Even my name, Devin Rhys Mann, is more a construct of chance than heredity. So I thought getting my DNA sequenced would clear up some of the questions and it did to a degree. I just didn’t know it would lead here to an Extended Care Facility next to the V. A. Hospital in Los Angeles. It’s clean enough but, like all institutions of its kind, it is a hopeless place, full of pain and need.
In trying to remain true to the idea I have of being a good man, I allowed my DNA report to be checked against the long lists of people waiting for transplants. Instantly it came back with a match an exact match. The request had come from a doctor in Santa Monica. An open request, meaning the anonymity of the recipient was not an issue. There, in crumpled letters on the faxed computer printout, was the name I never knew but that genetics guaranteed was my father. I only later found that it wasn’t really his name either. “John Sierra” was the name he’d been given when he was found unconscious. It seems the police brought him to St. John’s on the 18th of December, and they name all unknowns sequentially starting with “John Doe”, “John Echo” and so on. Having been brought in late in the year, they’d worked their way through the alphabet to “S.” The most recent paperwork shows a correction and gives to him what I had come looking to get from him: my last name.
I called the hospice still in a state of shock but the urgent tone in his doctor’s voice convinced me to rush. Changing to larger planes at both Indianapolis and Denver, I arrived at LAX too late to do anything but find a room.
I did not think myself overly excited or worried, but I did not sleep at all. As I sat in the outer waiting room, I had the chance, between the smell of disinfectants and the rising heartburn of an empty stomach, to think about what did keep me awake. It was anger.
How could he, without a word, leave Mom and me to fend for ourselves?
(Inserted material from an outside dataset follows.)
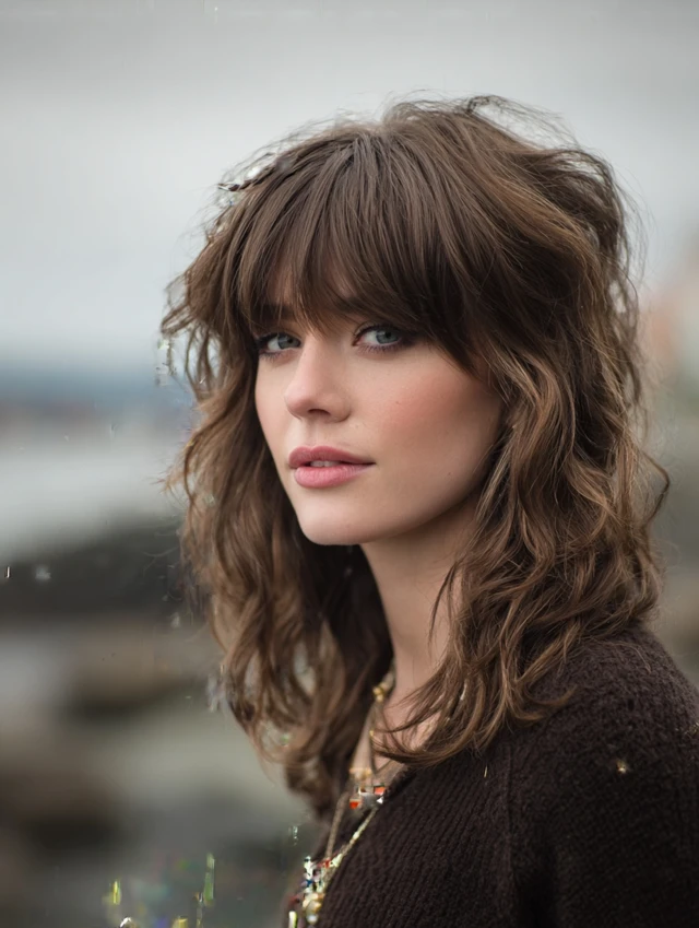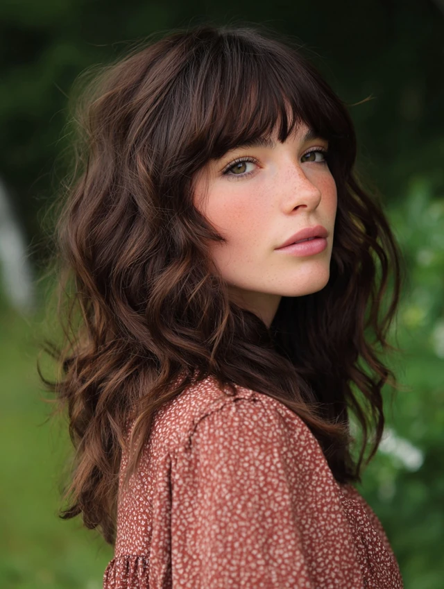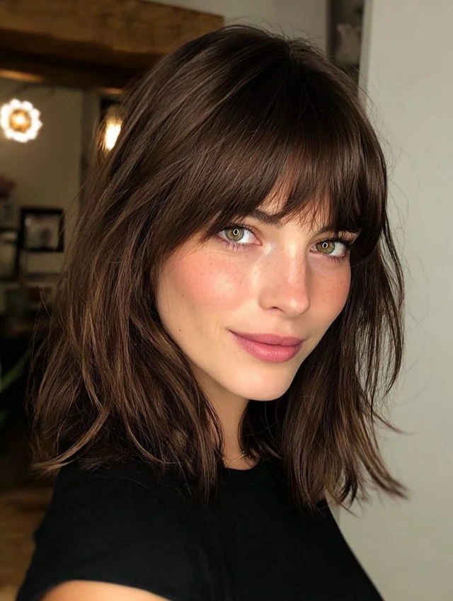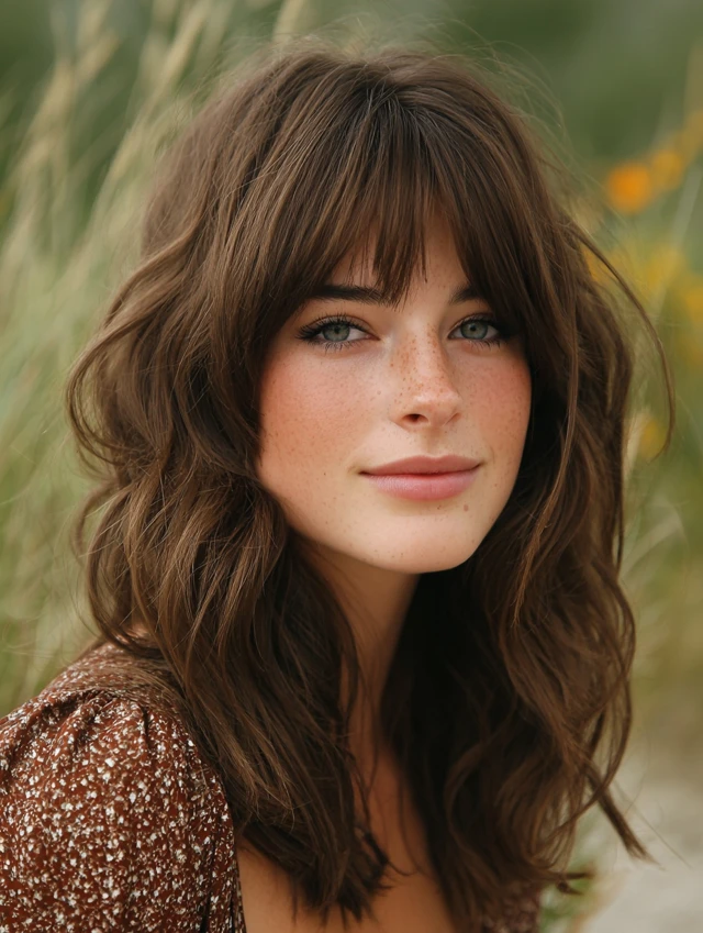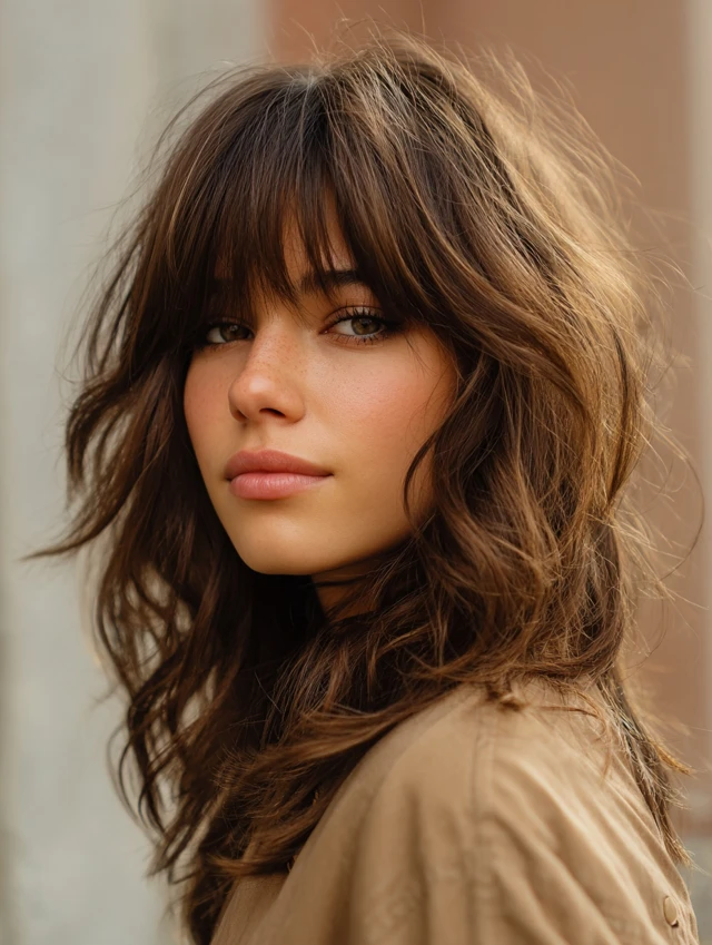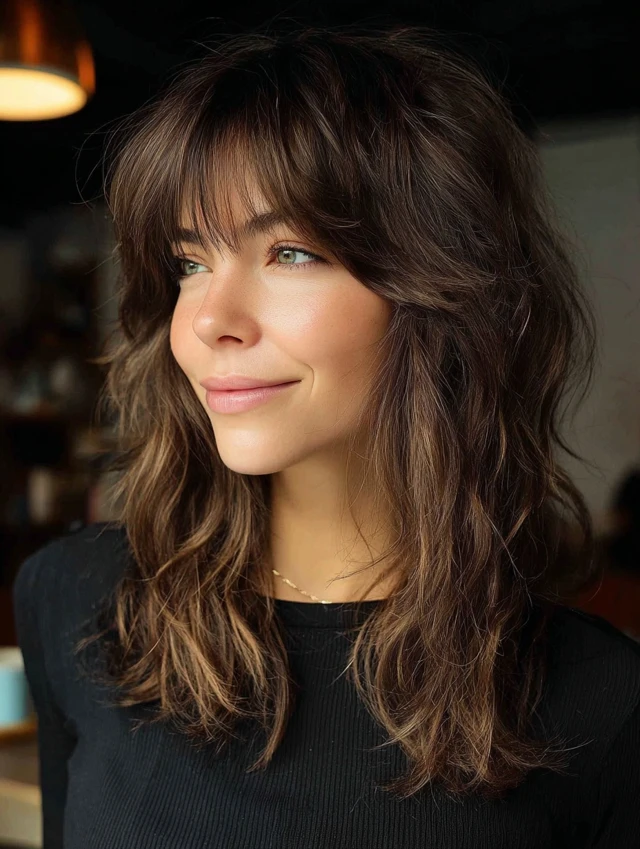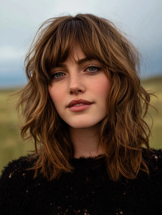A soft shag already includes layers, so wispy bangs blend naturally. This style works well for wavy textures and round faces. The volume at the crown adds height.

She filed a police report only to be told that young actors in this town often change their names and disappear without a trace. She found it hard to imagine at first, but then rumor came back to her of his possible infidelities and her faith must have crumbled. As the years and hearsay went on, she finally accepted that he’d simply left us. We moved from Pico Rivera to the hills of Kentucky in 1959. I was five years old.
A white-clad woman passed in front of me, to turn off another unimportant alarm, trailing a memory of seeing my mother in a similar costume. She never mentioned any successes from her time as a young “starlet” in Hollywood, and I’m surprised whenever I recognize her in some Sunday afternoon movie filling time on the off-channels. I’m sure he must have appeared in a few as well. Perhaps they’d met during a TV series in the days of black-and-white, her only recurring part, which I’d found a couple years ago in an internet search. That role, in broadcast’s puritanical days, must have ended when she began to show, while carrying me.
Did he even bother to check on us? Did he know that she died just four years later and I, having no traceable roots, was passed through two foster homes before settling in with a horse rancher and his wife? They had cleared all the obstacles to my adoption only to lose their own son just weeks before I arrived. He was all that I was not, but they did their best to make me feel like more than the poor substitute I saw myself as. After the accident that took Tommy Mann, they were never going to let me get anywhere near a horse. Both of them are gone now as well and selling the ranch barely covered their final costs.
The doctor finally called me and we sat in a tiny office just inside the main doors. A large window displayed an emergency room of sorts curtain walls making room after room. No hospital scrubs here, just ordinary street clothes. The professionals couldn’t be detected from the visitors, if indeed there were any visitors. No one rushed. The emergencies they treated were half-hearted affairs where the outcome would, eventually, be the only ticket out of here that anyone ever gets.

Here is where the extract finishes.